The code we use is as follows:

# import date
from datetime import date
# import nest_asyncio to allow nested use
import nest_asyncio
nest_asyncio.apply()
# import CompanyFilings, FilingType from secedgar for scraping filings from SEC EDGAR
from secedgar import CompanyFilings, FilingType
'''
class CompanyFilings() - Base class for receiving EDGAR filings.
:param cik_lookup: str/list of str, the ticker(s) of concerned firm(s)
:param filing_type: valid filing type enum,
      incorporated in the Union[secedgar.core.filing_types.FilingType],
      (in our case 'FILING_10K')
:param start_date: datetime.date, the starting date of files we need
:param end_date: datetime.date, the ending date of files we need
:param user_agent: str, username to download crude files,
      usually takes the form of 'yourname(company email)'
      (hku student could simply use the @connect.hku.hk email)
'''
cik_list = ["aapl", "fb", "msft"]
# download filings of companies of interests in the cik_list
my_filings = CompanyFilings(cik_lookup = cik_list,
                          filing_type = FilingType.FILING_10K,
                          start_date = date(2016, 1, 1),
                          end_date = date(2020, 12, 31),
                          user_agent = "YourName(YourUID@connect.hku.hk)")
# save the downloaded files into a given path
my_filings.save('./10-K')

*For demonstration purpose, we only include three companies in the cik_list.

Pros:

  1. This is package is easier to use than 'request'. We can directly scrape filings given the time range and the list of tickers of the target companies.
  2. The package enables a faster scraping speed (around 4 files per second)

Cons:

  1. Same as using 'request', the raw text files can only be directly stored in a specified local directory rather than a variable in the IDE.
  2. Same as using 'request', the raw 10-K reports take up too much memory storage.
  3. It takes longer time to read through each file to clean and extract textual data.

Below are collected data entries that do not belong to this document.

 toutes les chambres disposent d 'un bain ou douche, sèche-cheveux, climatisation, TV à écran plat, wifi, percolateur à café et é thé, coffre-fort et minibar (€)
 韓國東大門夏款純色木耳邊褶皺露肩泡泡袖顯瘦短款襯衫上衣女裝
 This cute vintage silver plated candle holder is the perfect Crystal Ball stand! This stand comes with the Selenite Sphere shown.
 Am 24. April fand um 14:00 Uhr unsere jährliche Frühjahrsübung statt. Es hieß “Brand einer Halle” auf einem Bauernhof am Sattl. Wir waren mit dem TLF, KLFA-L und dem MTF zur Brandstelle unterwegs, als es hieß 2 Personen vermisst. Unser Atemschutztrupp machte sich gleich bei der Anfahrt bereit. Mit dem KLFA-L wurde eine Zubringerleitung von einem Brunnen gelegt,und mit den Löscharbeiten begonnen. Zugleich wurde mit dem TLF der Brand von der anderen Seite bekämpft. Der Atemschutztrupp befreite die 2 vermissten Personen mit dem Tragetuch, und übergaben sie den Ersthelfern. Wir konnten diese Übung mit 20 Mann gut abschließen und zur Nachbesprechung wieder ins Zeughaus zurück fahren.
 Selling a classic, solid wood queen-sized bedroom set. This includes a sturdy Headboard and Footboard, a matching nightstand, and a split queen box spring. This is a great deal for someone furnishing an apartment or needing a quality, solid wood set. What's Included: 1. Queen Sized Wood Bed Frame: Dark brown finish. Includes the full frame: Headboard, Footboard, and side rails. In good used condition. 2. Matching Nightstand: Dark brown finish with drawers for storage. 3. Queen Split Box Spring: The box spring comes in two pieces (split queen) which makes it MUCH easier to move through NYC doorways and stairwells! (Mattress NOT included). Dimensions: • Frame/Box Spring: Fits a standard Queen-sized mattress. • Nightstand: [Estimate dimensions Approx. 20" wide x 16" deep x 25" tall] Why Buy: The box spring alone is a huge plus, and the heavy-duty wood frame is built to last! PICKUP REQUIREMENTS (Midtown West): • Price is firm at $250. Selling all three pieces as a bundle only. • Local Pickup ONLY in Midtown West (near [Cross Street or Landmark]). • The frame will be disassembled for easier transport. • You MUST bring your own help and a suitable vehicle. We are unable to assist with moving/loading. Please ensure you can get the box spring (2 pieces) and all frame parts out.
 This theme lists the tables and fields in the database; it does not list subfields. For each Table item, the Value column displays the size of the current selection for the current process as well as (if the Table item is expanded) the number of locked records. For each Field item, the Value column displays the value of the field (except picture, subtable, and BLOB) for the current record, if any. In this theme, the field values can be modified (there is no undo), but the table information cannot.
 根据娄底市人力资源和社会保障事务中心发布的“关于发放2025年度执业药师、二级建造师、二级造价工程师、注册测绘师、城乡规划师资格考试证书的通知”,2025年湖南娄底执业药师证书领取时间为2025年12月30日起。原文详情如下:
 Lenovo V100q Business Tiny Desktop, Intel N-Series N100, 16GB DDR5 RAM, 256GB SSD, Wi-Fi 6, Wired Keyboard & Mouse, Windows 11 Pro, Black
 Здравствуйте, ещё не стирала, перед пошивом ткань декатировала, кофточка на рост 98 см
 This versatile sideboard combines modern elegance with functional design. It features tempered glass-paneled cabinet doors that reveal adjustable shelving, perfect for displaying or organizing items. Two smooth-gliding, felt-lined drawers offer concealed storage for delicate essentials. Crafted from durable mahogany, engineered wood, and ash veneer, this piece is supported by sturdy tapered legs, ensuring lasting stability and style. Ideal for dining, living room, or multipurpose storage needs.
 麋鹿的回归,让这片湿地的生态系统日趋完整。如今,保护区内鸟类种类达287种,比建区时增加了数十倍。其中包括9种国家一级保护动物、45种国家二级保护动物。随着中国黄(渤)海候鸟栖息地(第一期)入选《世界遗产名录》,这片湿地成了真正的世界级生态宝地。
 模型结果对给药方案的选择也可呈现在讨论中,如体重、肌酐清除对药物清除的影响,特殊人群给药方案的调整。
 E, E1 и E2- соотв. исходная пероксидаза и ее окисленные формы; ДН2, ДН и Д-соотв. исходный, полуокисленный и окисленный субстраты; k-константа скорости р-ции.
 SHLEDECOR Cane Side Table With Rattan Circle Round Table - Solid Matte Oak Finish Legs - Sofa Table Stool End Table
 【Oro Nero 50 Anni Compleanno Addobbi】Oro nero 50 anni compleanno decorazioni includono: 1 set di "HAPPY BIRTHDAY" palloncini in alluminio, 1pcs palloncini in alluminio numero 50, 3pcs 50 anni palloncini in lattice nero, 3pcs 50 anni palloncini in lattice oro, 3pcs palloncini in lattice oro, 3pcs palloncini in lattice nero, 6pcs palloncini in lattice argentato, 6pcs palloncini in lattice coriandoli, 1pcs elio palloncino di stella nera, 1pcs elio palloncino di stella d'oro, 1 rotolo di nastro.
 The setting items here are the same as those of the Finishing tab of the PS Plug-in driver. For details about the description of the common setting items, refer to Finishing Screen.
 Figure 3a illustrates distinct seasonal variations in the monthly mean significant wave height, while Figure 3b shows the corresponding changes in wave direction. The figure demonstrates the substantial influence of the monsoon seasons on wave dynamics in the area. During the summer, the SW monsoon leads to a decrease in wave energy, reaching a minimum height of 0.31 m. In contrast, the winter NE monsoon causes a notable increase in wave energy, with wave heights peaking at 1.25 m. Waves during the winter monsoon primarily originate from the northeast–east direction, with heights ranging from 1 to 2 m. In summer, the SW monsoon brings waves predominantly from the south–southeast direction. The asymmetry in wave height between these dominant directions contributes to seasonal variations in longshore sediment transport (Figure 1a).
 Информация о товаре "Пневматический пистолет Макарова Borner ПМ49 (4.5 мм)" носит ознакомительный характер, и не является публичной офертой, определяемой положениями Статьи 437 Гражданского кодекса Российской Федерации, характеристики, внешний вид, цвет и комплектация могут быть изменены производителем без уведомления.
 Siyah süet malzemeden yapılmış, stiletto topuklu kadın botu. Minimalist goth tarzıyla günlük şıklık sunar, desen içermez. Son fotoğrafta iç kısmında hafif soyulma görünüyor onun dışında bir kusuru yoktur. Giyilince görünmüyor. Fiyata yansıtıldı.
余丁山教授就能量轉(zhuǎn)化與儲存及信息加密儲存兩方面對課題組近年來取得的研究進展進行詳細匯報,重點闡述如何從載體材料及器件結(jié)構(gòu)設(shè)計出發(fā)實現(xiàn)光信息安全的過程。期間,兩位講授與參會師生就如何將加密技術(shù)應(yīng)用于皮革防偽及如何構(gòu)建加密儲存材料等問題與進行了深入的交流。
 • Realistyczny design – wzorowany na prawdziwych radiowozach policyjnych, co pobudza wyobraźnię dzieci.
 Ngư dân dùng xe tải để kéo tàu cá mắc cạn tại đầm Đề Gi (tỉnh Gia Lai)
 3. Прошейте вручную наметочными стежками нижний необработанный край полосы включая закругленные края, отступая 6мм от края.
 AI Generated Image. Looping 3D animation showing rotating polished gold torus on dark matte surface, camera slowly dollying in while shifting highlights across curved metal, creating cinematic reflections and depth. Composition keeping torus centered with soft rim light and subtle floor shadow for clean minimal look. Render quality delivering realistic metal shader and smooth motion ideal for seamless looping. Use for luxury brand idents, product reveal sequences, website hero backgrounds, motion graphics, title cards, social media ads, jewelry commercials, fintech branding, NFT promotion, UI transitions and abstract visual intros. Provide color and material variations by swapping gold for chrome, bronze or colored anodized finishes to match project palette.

Tryout 3: download from public data repository contributed by other researchers

We then found a data repository with all cleaned raw 10-K files available from 1993 to 2021. The Notre Dame Software Repository for Accounting and Finance (SRAF) is a website designed to provide a central repository for programs and data used in accounting and finance research, with a focus on textual analysis.

For our project, we ended up directly downloading cleaned data files and then extract the concerned sections. However, our previous tryouts act as valuable experience and could be transferrable to analyzing other types of SEC filings that are not directly available in the repository.